Give back exactly the line containing "近日,合肥市建筑工程協(xi" and all that follow it in the data below, with the pictures left out.

:: PROVIDED MATERIAL ::
-------

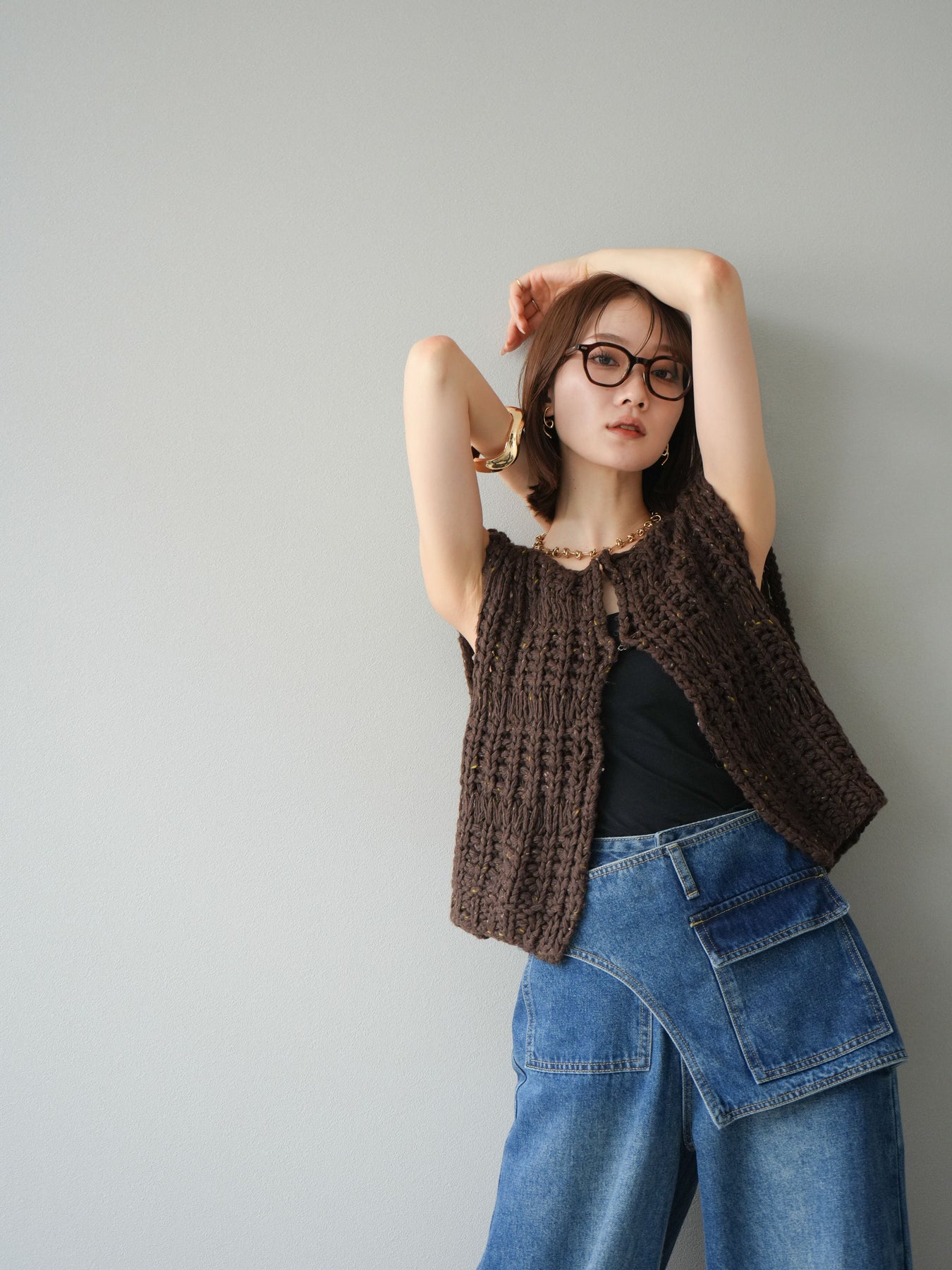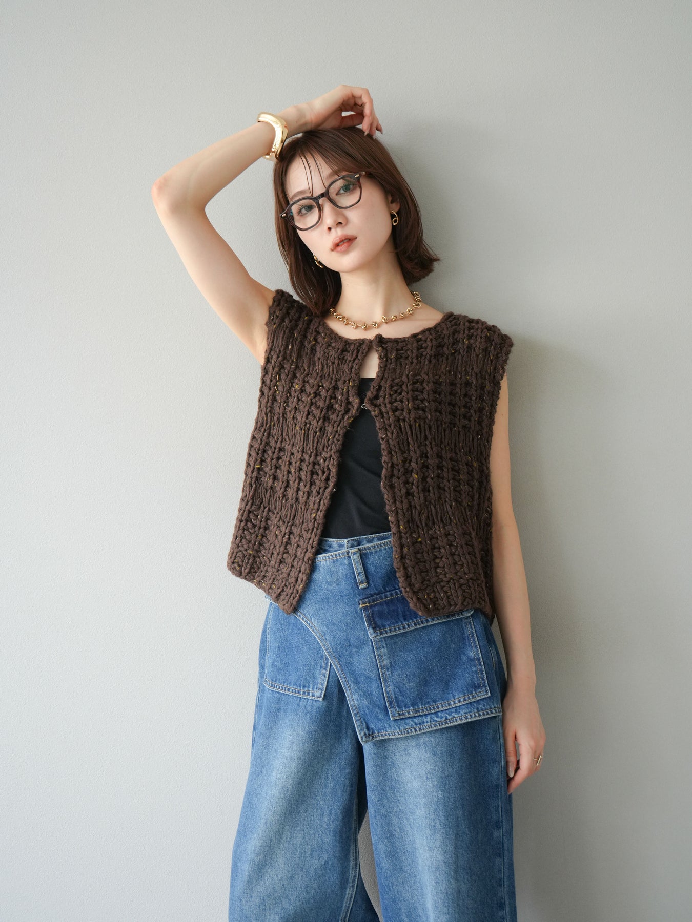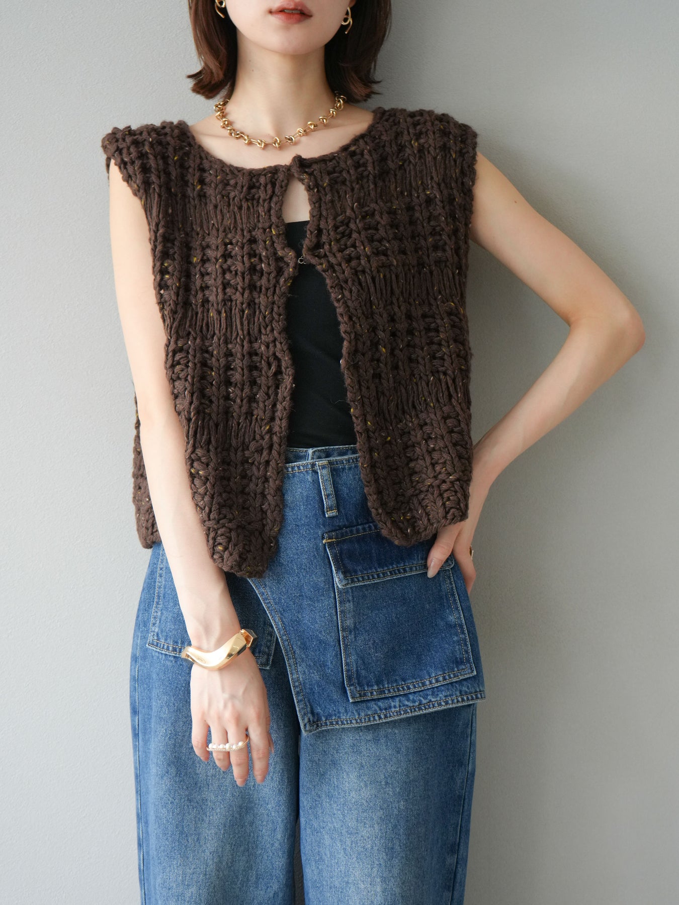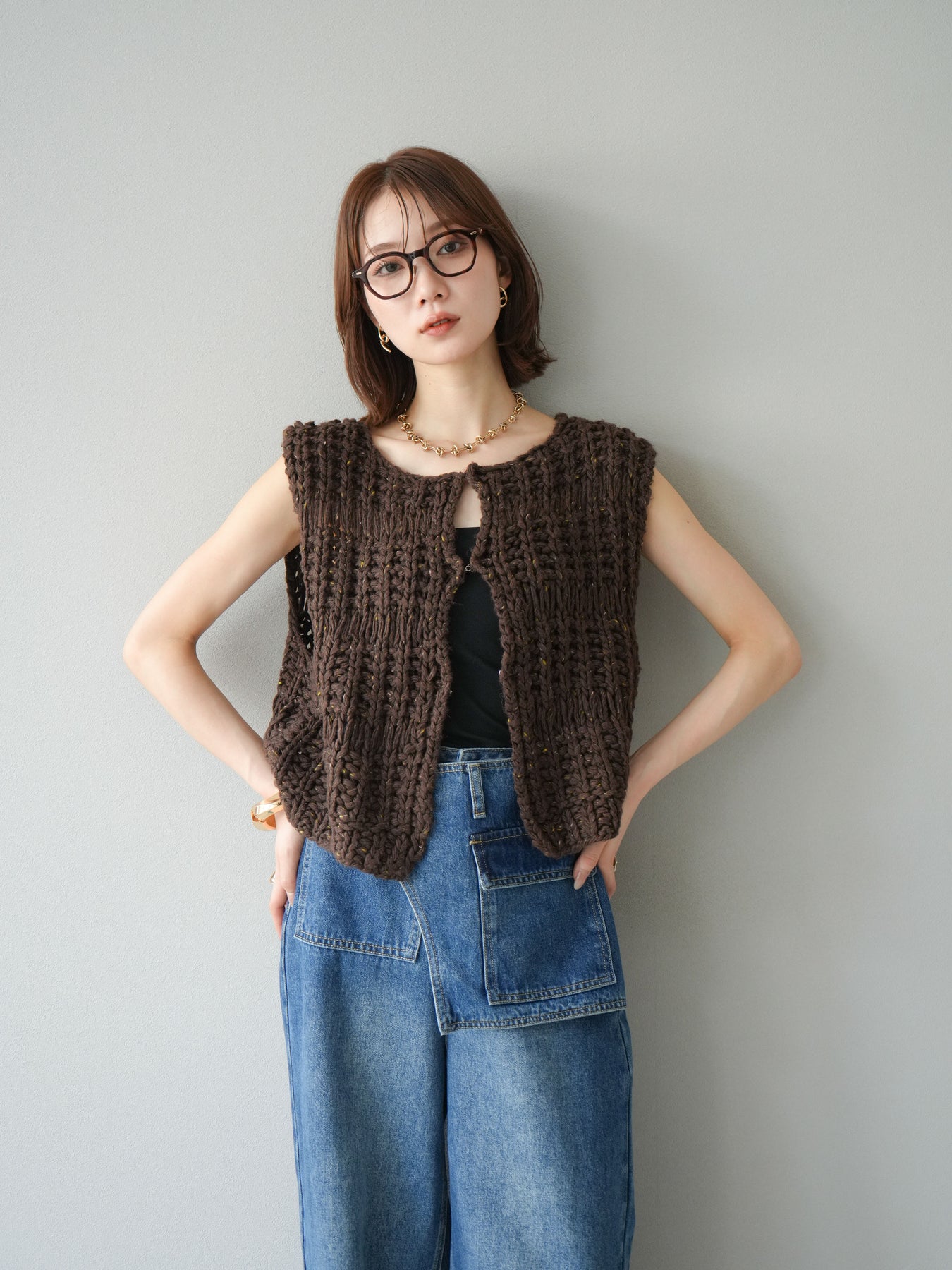 [予約]ミックスヤーンデザイン編みニットベスト/ブラウン
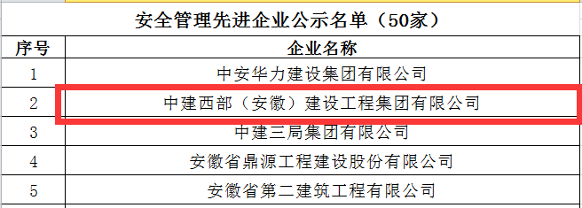 近日,合肥市建筑工程協(xié)會(huì)傳來(lái)喜訊, 2021年度合肥市建筑業(yè)優(yōu)秀企業(yè)、單項(xiàng)先進(jìn)企業(yè)、先進(jìn)個(gè)人名單的評(píng)選已出爐,中建西部(安徽)建設(shè)工程集團(tuán)有限公司斬獲多項(xiàng)榮譽(yù)——2021年度安全管理先進(jìn)企業(yè)和揚(yáng)塵治理先進(jìn)個(gè)人稱號(hào)。
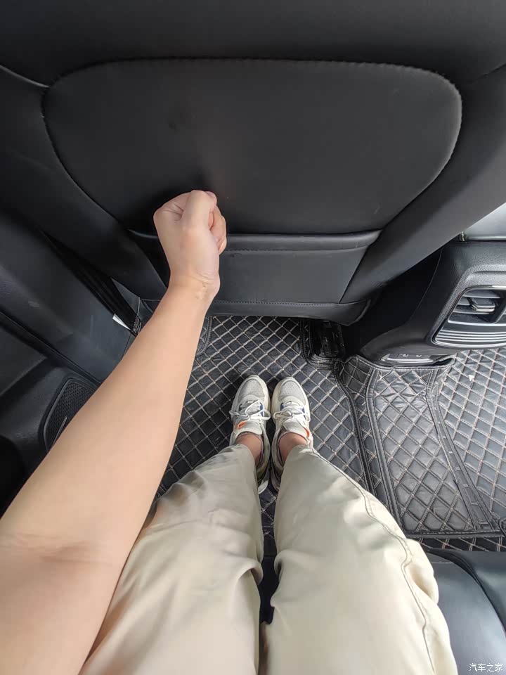 前排调整到我的坐姿后,后排空间对于我的家人来说还是很宽敞的,就算做3个人也不算拥挤,而且平时基本上只有我老婆和孩子,孩子在后面完全可以自由活动,中间也只有一个很小很小的凸起,完全可以忽略,基本上算平整。

-------

:: TASK ANSWER ::
 近日,合肥市建筑工程協(xié)會(huì)傳來(lái)喜訊, 2021年度合肥市建筑業(yè)優(yōu)秀企業(yè)、單項(xiàng)先進(jìn)企業(yè)、先進(jìn)個(gè)人名單的評(píng)選已出爐,中建西部(安徽)建設(shè)工程集團(tuán)有限公司斬獲多項(xiàng)榮譽(yù)——2021年度安全管理先進(jìn)企業(yè)和揚(yáng)塵治理先進(jìn)個(gè)人稱號(hào)。
 前排调整到我的坐姿后,后排空间对于我的家人来说还是很宽敞的,就算做3个人也不算拥挤,而且平时基本上只有我老婆和孩子,孩子在后面完全可以自由活动,中间也只有一个很小很小的凸起,完全可以忽略,基本上算平整。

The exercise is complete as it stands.